Other SPEC95 analysis pages I've written have described the way in which most SPECint95 tests involve small data sets, resulting in few cache misses. Only vortex (and to a lesser extent gcc) involves a varied memory access patern, benefiting from a large L2 cache as shown by the 250MHz R10000 4MB L2 Origin results. Thus, baring in mind the factors affecting cache miss behaviour in R10K O2, it isn't surprising to see vortex showing the lowest value out of the eight R10K O2 SPECint95 results. If one looks at the tests which do not seem to involve heavy memory traffic, eg. perl and m88ksim, O2 shows good results, matching Octane and Origin fairly well (though it's within the margins of error that result from compiler optimisation, R10K/250 O2 actually beats R10K/250 Origin2000 for m88ksim).
What this means is that if you have an int task which doesn't cause heavy memory traffic and doesn't benefit much from a large (>1MB) L2 cache, then you'll get good performance with an R10K O2, ie. there's no need to spend a fortune on an Origin2000. This also means that, if you have a variety of int tasks and systems, it's well worth experimenting to see which system offers the best performance for each task; it's entirely possible that swapping two tasks over between two different machines may result in better performance for one task but no loss of performance for the other (an extreme example would be vortex vs. m88ksim for O2 vs. Origin2000).

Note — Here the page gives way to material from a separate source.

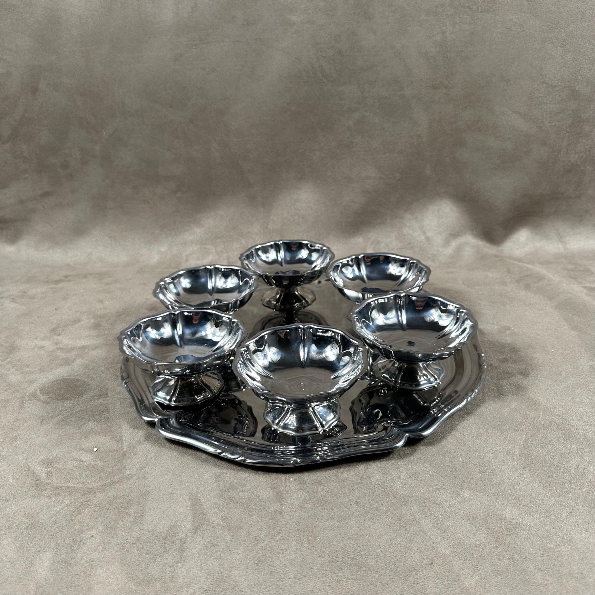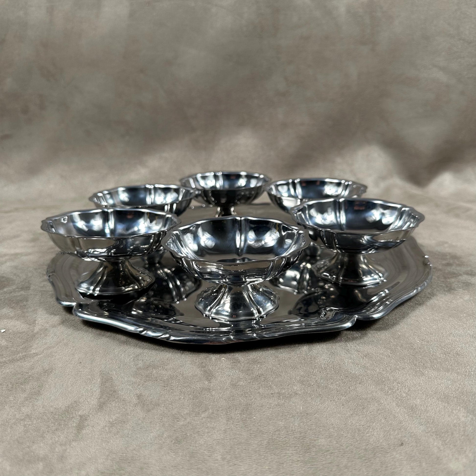 Set of 6 ice cream cups with 1 Guy Degrenne tray in 18/10 vintage stainless steel Made in France

How can one tell if one's task is like m88ksim, perl, etc.? Well, one can use tools like gr_osview to study what's happening whilst the code is running (degree of memory traffic, etc.), one can run comparison tests using other systems with identical CPUs to test the effects of different L2 sizes (eg. 195MHz R10000 4MB L2 Origin vs. 195MHz R10000 1MB L2 Octane, or 195MHz 1MB L2 Power Challenge vs. 195MHz 2MB L2 Power Challenge), and one can run tests using old vs. new systems with the same CPUs and L2 sizes to test whether one's task can benefit from better memory latency, higher memory bandwidth and better outstanding cache miss support (eg. 195MHz 1MB L2 Octane vs. 195MHz 1MB L2 Indigo2).
By way of typical evidence, note that m88ksim shows no improvement when moving from 195MHz 1MB L2 Power Challenge to 195MHz 2MB L2 Power Challenge (the same applies to 1MB L2 Octane vs. 4MB Origin). Performance differences only really show up when looking at R10K/250, but even then the margins are not great (vortex is the exception).
Of course, you'll need access to different systems to run comparison tests (though you can use gr_osview on any system to gain some insight), but if SGI values your custom then they should be willing to help out with tests in the event that you do not have access to the necessary systems.
Remember that many typical daily tasks involve small data sets, eg. processing typical Internet movie frames (half-size PAL, half-size NTSC). But sometimes careful thought is required; eg. a full-size NTSC frame will fit into a 1MB L2 cache (0.9MB), but a full-size PAL frame will not (1.27MB). Thus, a system with more than 1MB L2 will be better for processing PAL data (eg. 4MB L2 versions of R10000 in Origin). Though it's possible one may be able to hardware-accelerate a movie processing task, depending on the system (hardware JPEG support on O2 with ICE, and other systems using video accelerator boards, eg. Octane Compression).
Judging exactly which system is best for a particular task, or which processor is best for a system already decided upon (perhaps because of budget constraints) may not always be easy. Thus, always have proper tests done, and investigate thoroughly, before making any final purchasing decision.